Kohout: Eigentlich geht es um sehr ähnliche Probleme, nur sind die Tschechen natürlich viel unerfahrener als meine österreichischen Kollegen. Das Neueste dort wie hier ist der fortschreitende und Besorgnis erregende Rückzug der öffentlichen Hand ohne dass private Sponsoren wirksam gefördert würden. Und was die Erfolge betrifft - hie und da gibt es auch das gleiche und einzige Rezept: Hohe Qualität, die noch dazu nicht langweilt.

die furche: Sie zählen heute zu den wenigen Autoren unserer Zeit, die die gesamte Entwicklung in der tschechischen Literatur nach dem 2. Weltkrieg künstlerisch mitgestaltet haben. Viele von Ihren Altersgenossen haben bereits aufgehört zu schreiben, andere kamen aus den verschiedensten Gründen erst später zum Schreiben. Wie sehen heute ihre Pläne als Schriftsteller, als Dramaturg und als Regisseur aus?

Kohout: Nach zehn Jahren, in denen ich vorwiegend Romane schrieb, kehre ich wieder zum Theater zurück, im Moment schreibe ich meine allererste Crazy-Comedy "Zwei Gorillas und ein Orang-Utan". Die Regiearbeit kostet viel Zeit; die, die mir übrig bleibt, möchte ich sinnvoller ausnützen.

die furche: Was würden Sie selbst für sich als Herausforderung empfinden?

Kohout: Auf Grund meiner Biographie halte ich mein ganzes Leben für eine einzige Herausforderung, und so wird es wohl auch bleiben - da capo al fine. Konkret spüre ich sie heuer zum sechs ten Mal bei der Vorbereitung und Durchführung des "Prager Theaterfestivals deutscher Sprache", bei der immer im November die besten deutschsprachigen Bühnen und Solisten in meiner Geburtsstadt auftreten, wo man einst genauso gut deutsch wie tschechisch Theater spielte. Das Festival avancierte zum wichtigsten Ereignis des Prager Kulturherbstes. Schade nur, dass es bisher nur einen einzigen großen Sponsor aus Österreich gab, nämlich die Erste Bank, dank der wir im vorigen Jahr zum ersten Mal in Prag "Professor Bernardi" zeigen konnten, in der großartigen Burgtheater- Aufführung. Die Sponsoren aus Deutschland haben die Wichtigkeit dieser Präsentation schnell begriffen, das deutsche Theater war deswegen viel stärker vertreten, zuletzt sogar mit dem Großereignis namens "Schlachten!", dem zwölfstündigen Shakespeare-Projekt.

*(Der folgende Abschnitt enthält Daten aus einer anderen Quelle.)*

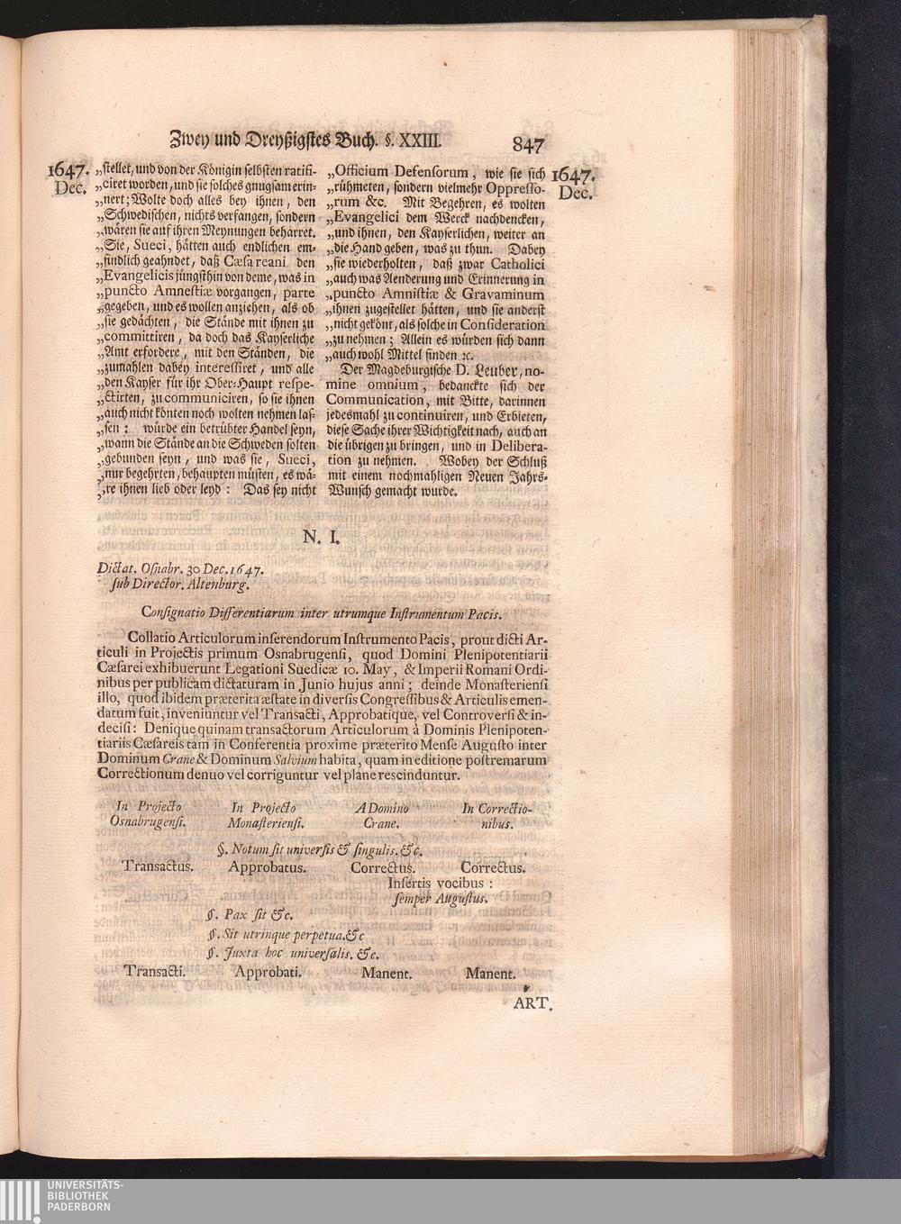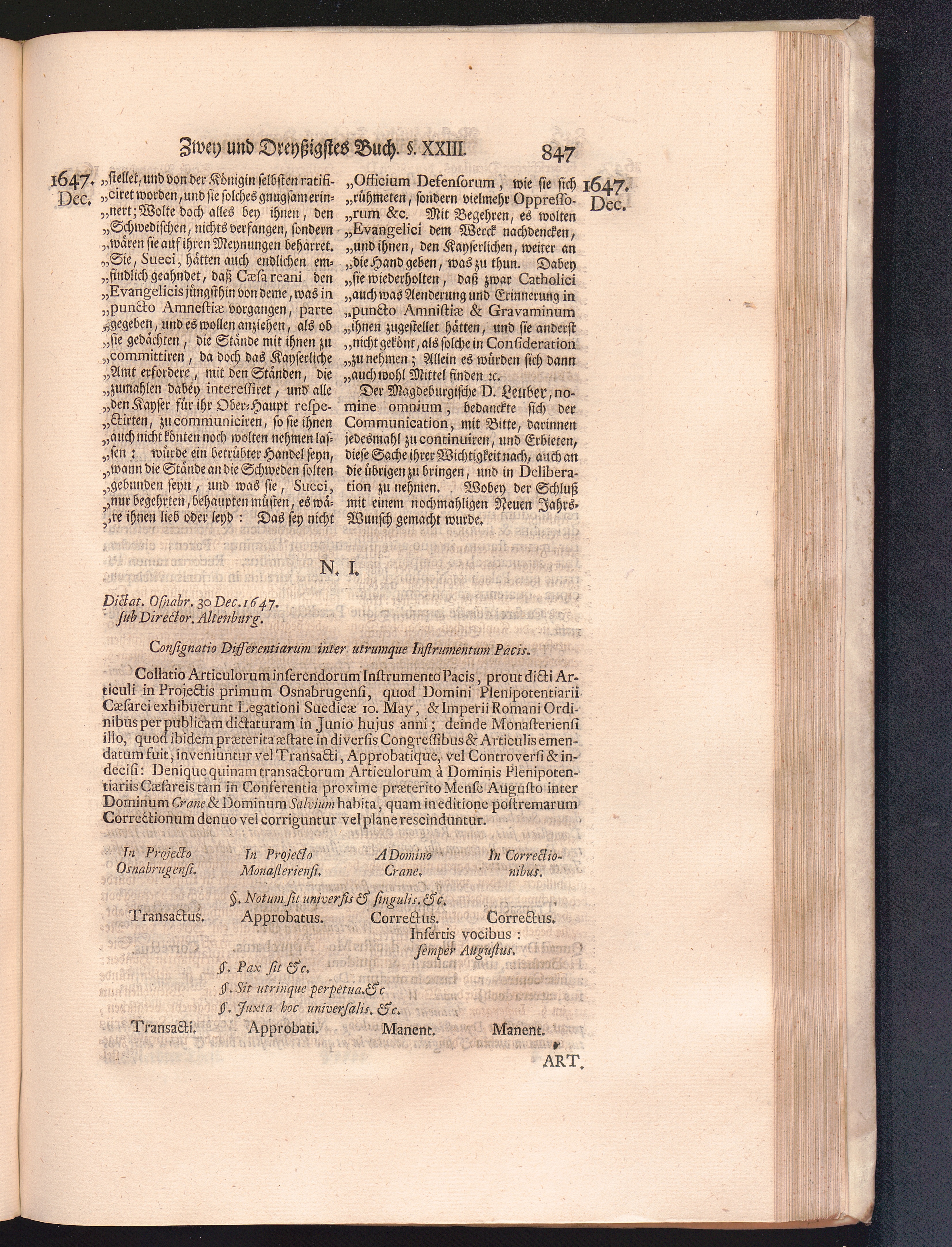 Vierdter Theil (1735) Worinnen enthalten, was vom Anfang des Jahrs 1647. biß gegen Ende desselben zwischen Jhro Römisch-Kayserlichen Majestät, dann den Beyden Cronen Franckreich und Schweden, ingleichen des Heiligen Römischen Reichs Chur-Fürsten, Fürsten und Ständen, zu Oßnabrück und Münster gehandelt worden

Das Gespräch führte Peter Soukup.

Zur Person: Mitbegründer der Charta 77 Geboren am 20. Juli 1928 in Prag, studierte Pavel Kohout dort Philosophie. Von 1949 bis 1950 war er Assistent des Kulturattaches in Moskau und bis 1952 Chefredakteur der satirischen Zeitschrift "Dikobraz" (Stachelschwein). Als einer der Wortführer des "Prager Frühlings" wurde er 1969 aus der kommunistischen Partei ausgeschlossen und die nächsten 20 Jahre totgeschwiegen. 1977 verfasste er zusammen mit Vaclav Havel das Gründungsdokument der Bürgerinitiative "Charta 77". Im selben Jahr erhielt er den "Großen Österreichischen Staatspreis für Europäische Literatur". Ende 1979 wurde er bei der Heimreise in die Tschechoslowakei am Betreten des heimatlichen Territoriums gehindert und nach Österreich abgeschoben. Nach 1989 werden seine Werke in seiner Heimat wieder gespielt und gelesen. Einige Romane und dramatische Werke: "So eine Liebe" (1957), "August, August, August" (1967), "Krieg im 3. Stock" (1970) , "Pech unterm Dach" (1974), "Die Henkerin" (1978), "Die Einfälle der heiligen Klara" (1980), "Wo der Hund begraben liegt" (1987). "Ich schneie" (1992), "Die lange Welle hinterm Kiel" (2000).